My body does not make insulin. No matter what I do, that is not going to change. I can diet and exercise till the cows come home, but I will still need insulin. We all need to deal with that. Putting me in a room with a bunch of Type 2 patients does not help me. All of the programing, public information and educational initiatives that are concerned with ‘Diabetes’ are, in my experience, primarily focused on Type 2 and we are just an afterthought. There may be some focus in the paediatric system on Type 1, but once we turn 18, we are abandoned.
Some of us are trying to change that.
Anyway, back to being the Captain of my healthcare team. A Type 1 patient needs to be in charge of her own healthcare management, because it requires effort and attention 24 hours a day, 7 days a week, and my healthcare providers are not available to me on that basis.

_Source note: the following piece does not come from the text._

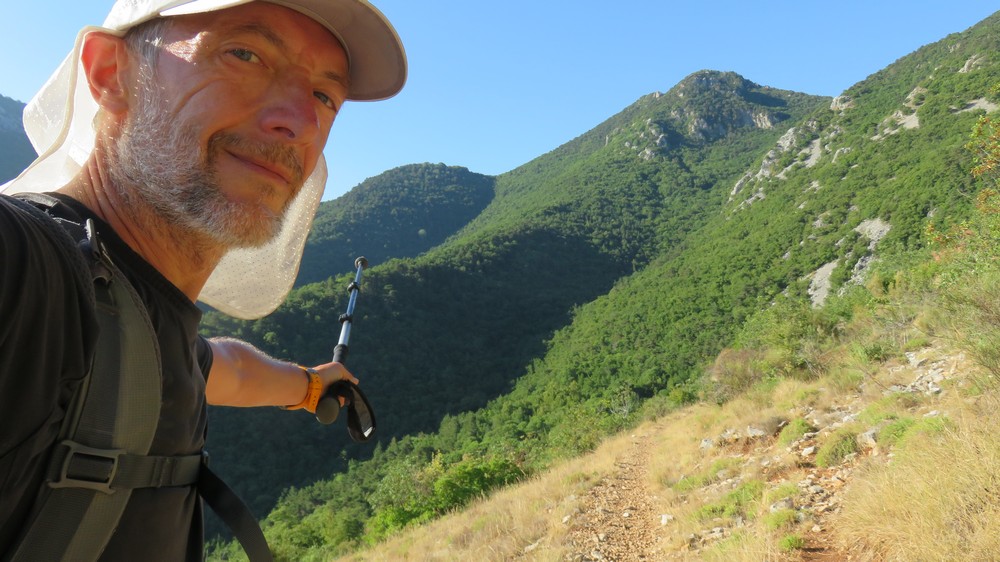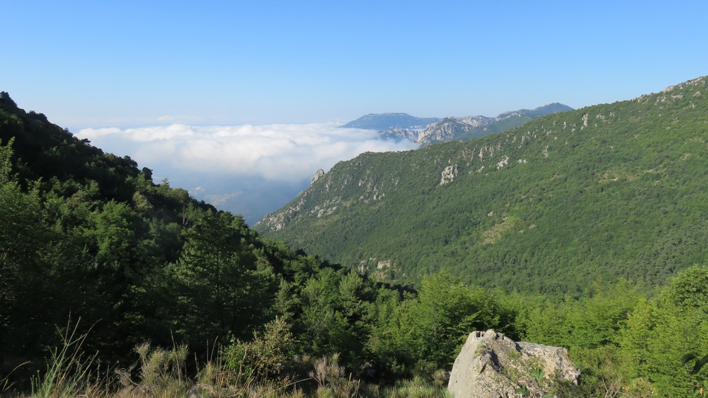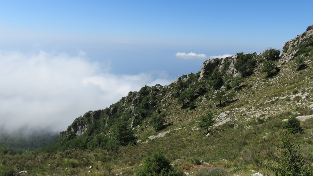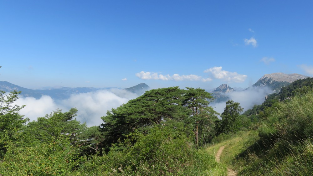 Sospel (348 m) -> col du Razet (1032 m) -> Colla Bassa (1107 m) -> col du Berceau (1050 m) : Dernier petit col avant une interminable dernière longue descente vers la plage sous le chant assourdissant des cigales !..

Notice that I did not conflate that into 24/7. That’s because I want to convey to you just how specific, comprehensive and overwhelming that effort is. It is a tremendous amount of work. I am thinking about my condition all the time, every waking moment, no matter what else I am doing. I’m balancing my blood sugar against my food intake and my exercise level, plus the effects of my stress level, climate, altitude, etc. , all of which have an impact on blood sugar.
When I’m walking my dog, I’m managing my diabetes, calculating whether exploring that new path in the park is going to require a lower basal rate or some carbs to keep me balanced, wondering whether my perspiration is caused by exertion or low blood sugar.
When I’m in a business meeting, I’m managing my diabetes, calculating how much time I have before I need to make some adjustment in order to maintain my cognitive acuity. Stress makes my blood sugar rise, so does prolonged inactivity. Did I adjust my insulin dosages appropriately and is it still working properly?
When I wake up in the middle of the night, I have to manage my diabetes, directing my foggy night-time brain to get up and test my blood sugar to figure out if I woke up because it’s too high and I need insulin or if it’s too low and I need sugar. Then I need to be mentally clear enough to take the right corrective action, if indeed one is required. An error in either direction can have nasty consequences. Ignoring it and going back to sleep is just not an option.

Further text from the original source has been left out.